== ASSIGNED TASK ==
With all pictures omitted, return verbatim the lines from the beginning of the records below through the line containing "- 浅紫色磨砂玛瑙松石十字架长款项链".

== DATA SHOWN ==
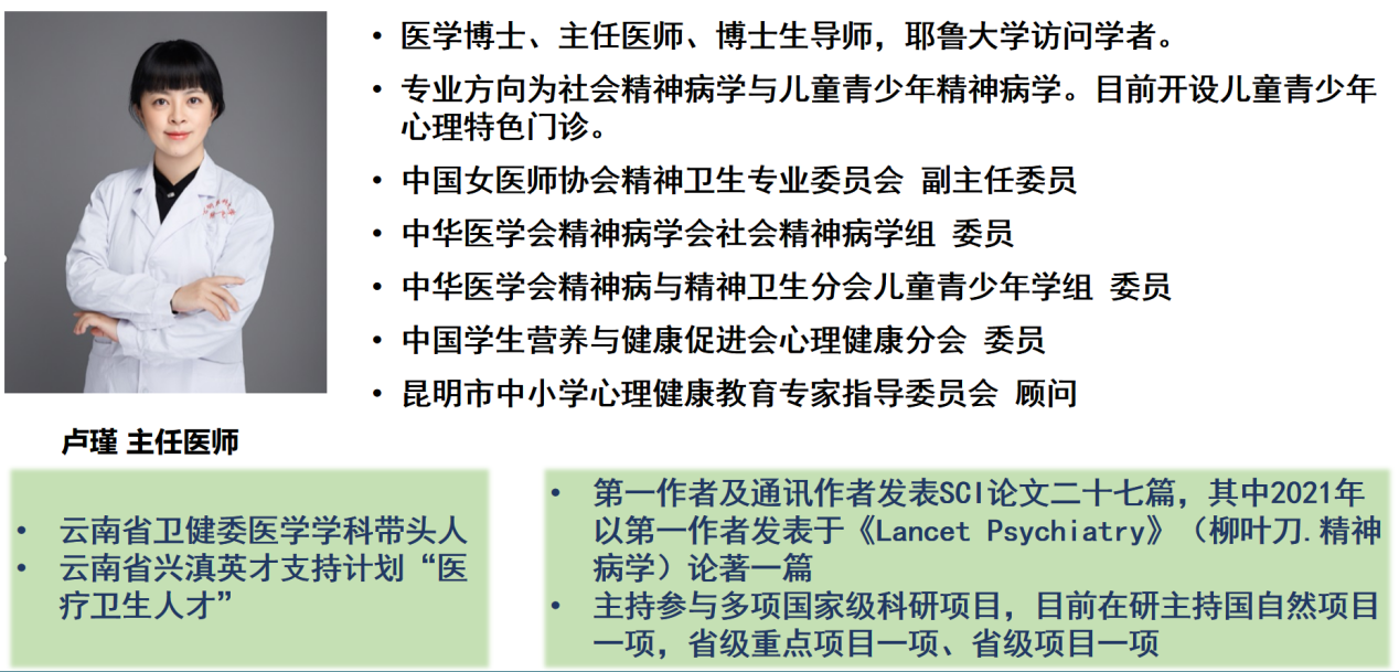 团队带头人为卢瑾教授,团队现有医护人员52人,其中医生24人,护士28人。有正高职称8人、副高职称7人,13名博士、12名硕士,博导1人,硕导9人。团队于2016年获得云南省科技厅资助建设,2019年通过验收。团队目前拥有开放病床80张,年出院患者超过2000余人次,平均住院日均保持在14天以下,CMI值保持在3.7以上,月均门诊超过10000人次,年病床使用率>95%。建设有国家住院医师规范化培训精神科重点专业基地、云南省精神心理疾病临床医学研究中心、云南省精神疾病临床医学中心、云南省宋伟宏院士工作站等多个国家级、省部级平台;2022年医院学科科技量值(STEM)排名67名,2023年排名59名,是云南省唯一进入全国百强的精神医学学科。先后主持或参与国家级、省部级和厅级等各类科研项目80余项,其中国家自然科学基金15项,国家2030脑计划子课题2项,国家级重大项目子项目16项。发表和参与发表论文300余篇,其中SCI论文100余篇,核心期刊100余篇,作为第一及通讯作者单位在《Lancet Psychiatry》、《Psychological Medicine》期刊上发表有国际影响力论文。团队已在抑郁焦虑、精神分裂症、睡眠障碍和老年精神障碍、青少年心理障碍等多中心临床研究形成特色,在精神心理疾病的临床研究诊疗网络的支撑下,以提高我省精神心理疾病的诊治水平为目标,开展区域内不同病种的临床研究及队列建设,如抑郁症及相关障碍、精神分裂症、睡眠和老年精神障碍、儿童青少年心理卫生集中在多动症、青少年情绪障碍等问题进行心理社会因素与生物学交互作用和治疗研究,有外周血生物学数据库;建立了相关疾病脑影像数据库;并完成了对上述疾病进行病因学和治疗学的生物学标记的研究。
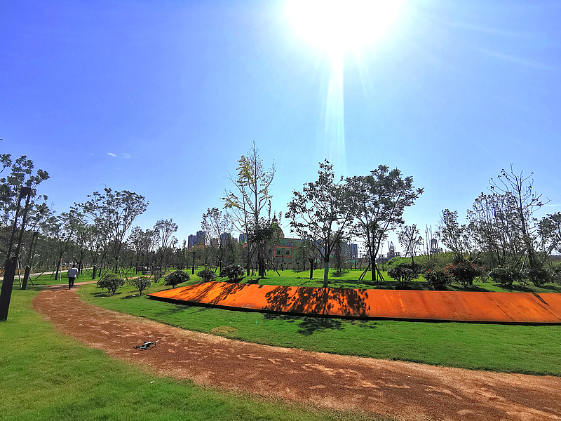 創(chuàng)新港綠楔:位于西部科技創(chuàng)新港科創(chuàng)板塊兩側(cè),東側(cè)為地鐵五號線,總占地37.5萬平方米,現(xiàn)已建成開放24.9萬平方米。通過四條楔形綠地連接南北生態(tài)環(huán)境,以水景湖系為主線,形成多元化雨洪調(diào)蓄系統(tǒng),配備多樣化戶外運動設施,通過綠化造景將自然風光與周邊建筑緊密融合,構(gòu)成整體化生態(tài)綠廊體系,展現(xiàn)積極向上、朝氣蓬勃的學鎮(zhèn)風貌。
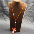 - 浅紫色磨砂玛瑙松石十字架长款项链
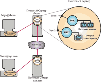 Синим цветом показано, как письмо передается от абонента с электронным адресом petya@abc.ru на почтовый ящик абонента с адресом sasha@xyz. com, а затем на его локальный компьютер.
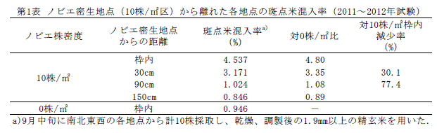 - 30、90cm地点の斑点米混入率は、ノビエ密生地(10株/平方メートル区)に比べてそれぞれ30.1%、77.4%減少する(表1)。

== TASK SOLUTION ==
 团队带头人为卢瑾教授,团队现有医护人员52人,其中医生24人,护士28人。有正高职称8人、副高职称7人,13名博士、12名硕士,博导1人,硕导9人。团队于2016年获得云南省科技厅资助建设,2019年通过验收。团队目前拥有开放病床80张,年出院患者超过2000余人次,平均住院日均保持在14天以下,CMI值保持在3.7以上,月均门诊超过10000人次,年病床使用率>95%。建设有国家住院医师规范化培训精神科重点专业基地、云南省精神心理疾病临床医学研究中心、云南省精神疾病临床医学中心、云南省宋伟宏院士工作站等多个国家级、省部级平台;2022年医院学科科技量值(STEM)排名67名,2023年排名59名,是云南省唯一进入全国百强的精神医学学科。先后主持或参与国家级、省部级和厅级等各类科研项目80余项,其中国家自然科学基金15项,国家2030脑计划子课题2项,国家级重大项目子项目16项。发表和参与发表论文300余篇,其中SCI论文100余篇,核心期刊100余篇,作为第一及通讯作者单位在《Lancet Psychiatry》、《Psychological Medicine》期刊上发表有国际影响力论文。团队已在抑郁焦虑、精神分裂症、睡眠障碍和老年精神障碍、青少年心理障碍等多中心临床研究形成特色,在精神心理疾病的临床研究诊疗网络的支撑下,以提高我省精神心理疾病的诊治水平为目标,开展区域内不同病种的临床研究及队列建设,如抑郁症及相关障碍、精神分裂症、睡眠和老年精神障碍、儿童青少年心理卫生集中在多动症、青少年情绪障碍等问题进行心理社会因素与生物学交互作用和治疗研究,有外周血生物学数据库;建立了相关疾病脑影像数据库;并完成了对上述疾病进行病因学和治疗学的生物学标记的研究。
 創(chuàng)新港綠楔:位于西部科技創(chuàng)新港科創(chuàng)板塊兩側(cè),東側(cè)為地鐵五號線,總占地37.5萬平方米,現(xiàn)已建成開放24.9萬平方米。通過四條楔形綠地連接南北生態(tài)環(huán)境,以水景湖系為主線,形成多元化雨洪調(diào)蓄系統(tǒng),配備多樣化戶外運動設施,通過綠化造景將自然風光與周邊建筑緊密融合,構(gòu)成整體化生態(tài)綠廊體系,展現(xiàn)積極向上、朝氣蓬勃的學鎮(zhèn)風貌。
 - 浅紫色磨砂玛瑙松石十字架长款项链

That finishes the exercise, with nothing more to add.